## [EXERCISE DETAILS]
Your answer is the line containing "(新品・未使用品)PRADA プラダ 1XX715" plus every line after it through the end of the records, printed exactly and free of pictures.

## [GIVEN INFORMATION]
┄┄┄┄┄┄┄┄┄┄┄┄┄┄┄┄┄┄┄┄

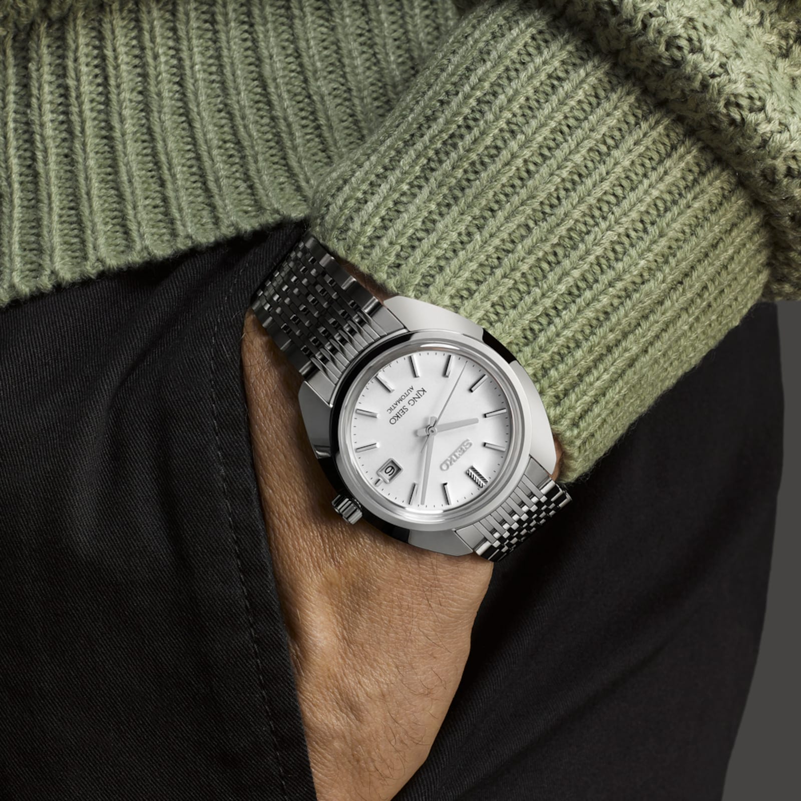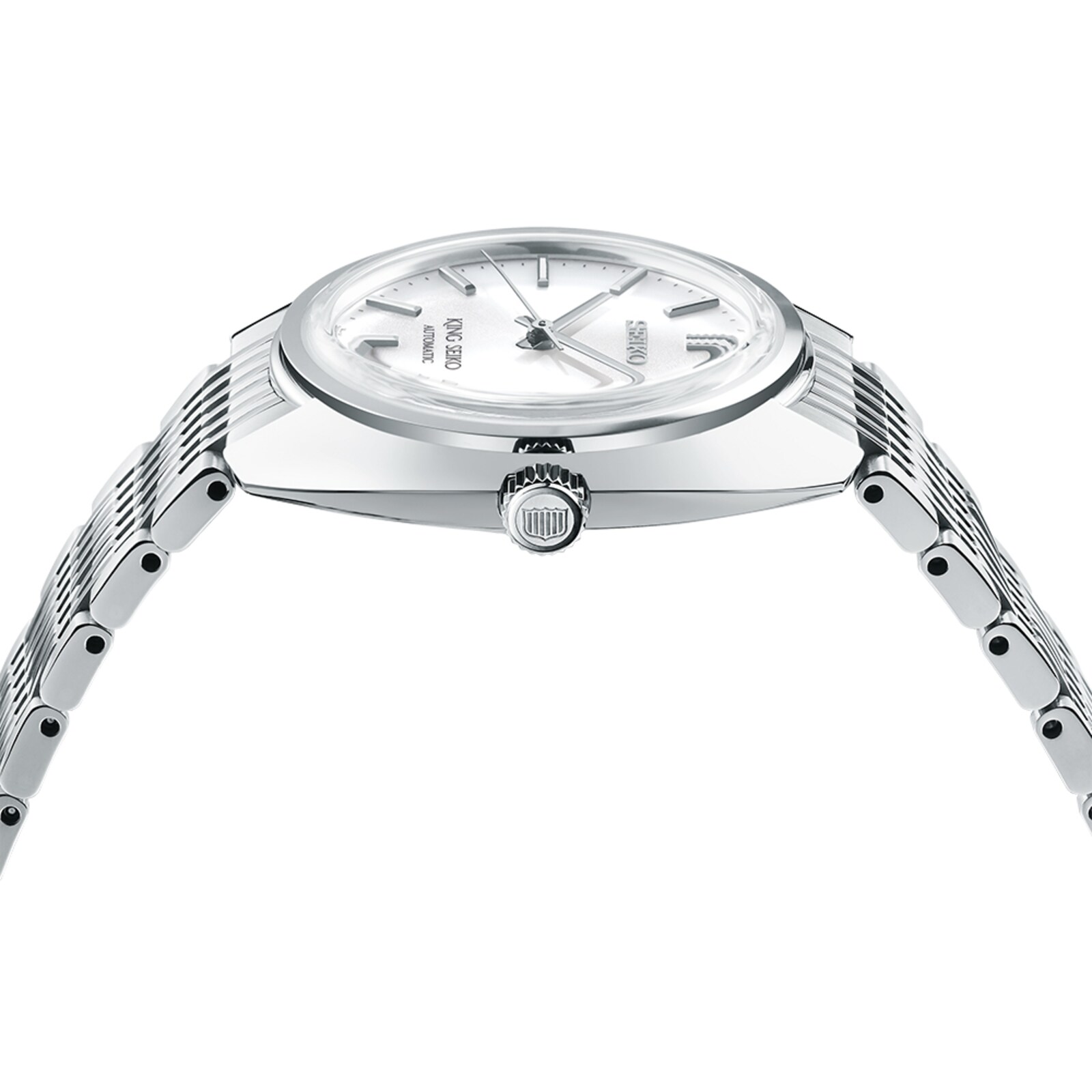 King Seiko 'Metropolis Silver' 6L 1969 Re-Interpretation In 1969, the 45KS launched and was entered into international watchmaking competitions for accuracy. It became Seiko's, and Japan's, first ever certified ‘Chronometre,’ as an exceptionally accurate mechanical timepiece. Inspired by this landmark in Seiko history, King Seiko introduce the ‘Metropolis Silver’ re-interpretation of the 4502-8020 original. The redux echoes the original silhouette with its curved case shape, date feature and 12 o'clock index cut like an arrow feather. It features a narrow link bracelet in true Seiko Sixties style of the time. This timepiece is crafted to be only 9.9mm in depth, being powered by Seiko's slimmest automatic in-house calibre. With a bidirectional and semi-instantaneous winding mechanism, this 6L35 timepiece is highly practical, and accurate to +15/-10 seconds per day, with a 45-hour power reserve. Long live the new King Seiko: modernised elite watchmaking, yet its stately, dignified and majestically classic looks remain.
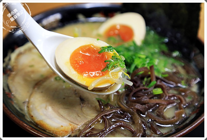 | 這一碗是人氣度最高的,老實說它們家的單價這樣算是很便宜,兩塊叉燒跟一整顆的糖心蛋,用木耳絲代替筍乾,木耳絲跟筍絲的口感完全不一樣,真的相當的特別。 |
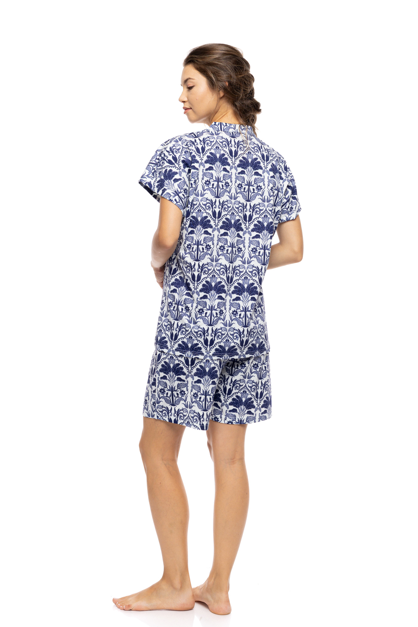 Γυναικεία Πυτζάμα Pink Label - Σορτς - BLUE TROPICAL- Κοντομάνικη - V-Neck - Cotton
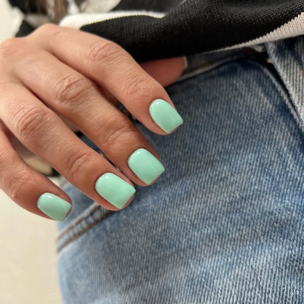 This soft Green mint shade feels like the first warm breeze of Spring. Clean, uncomplicated, and quietly confident, it demonstrates that simplicity can still make a significant impact. The crisp square shape keeps everything structured, while the glossy finish adds just enough polish to feel intentional. It’s one of those 2026 ideas that doesn’t beg for attention but still gets compliments.
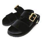 (新品・未使用品)PRADA プラダ 1XX715 スライドサンダル ベルベット ブラック サンダル 靴 トライアングル ロゴ #35 22cm アンティークゴールド金具 箱付
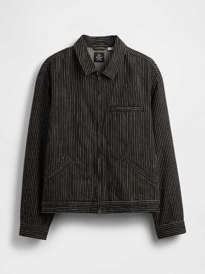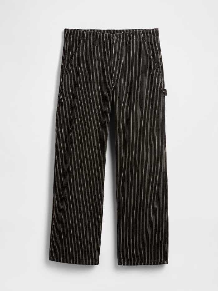 メンズラインでは、ピンストライプが特徴のデニムジャケット(12,900円)やリラックスストレートカーペンターパンツ(12,900円)が目を引く存在に。
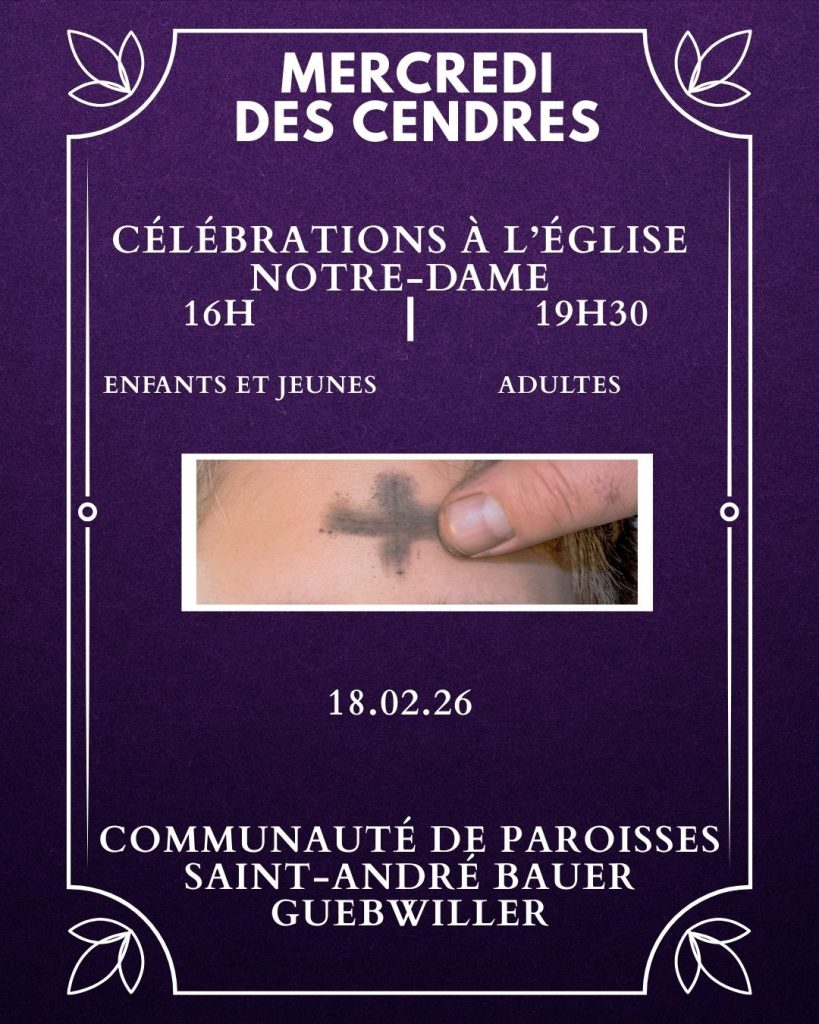 Il n’y aura pas de célébrations en semaine (9H) à partir du 12 janvier 2026 jusqu’au 15 mars 2026.

┄┄┄┄┄┄┄┄┄┄┄┄┄┄┄┄┄┄┄┄

## [RESULT BELOW]
 (新品・未使用品)PRADA プラダ 1XX715 スライドサンダル ベルベット ブラック サンダル 靴 トライアングル ロゴ #35 22cm アンティークゴールド金具 箱付
 メンズラインでは、ピンストライプが特徴のデニムジャケット(12,900円)やリラックスストレートカーペンターパンツ(12,900円)が目を引く存在に。
 Il n’y aura pas de célébrations en semaine (9H) à partir du 12 janvier 2026 jusqu’au 15 mars 2026.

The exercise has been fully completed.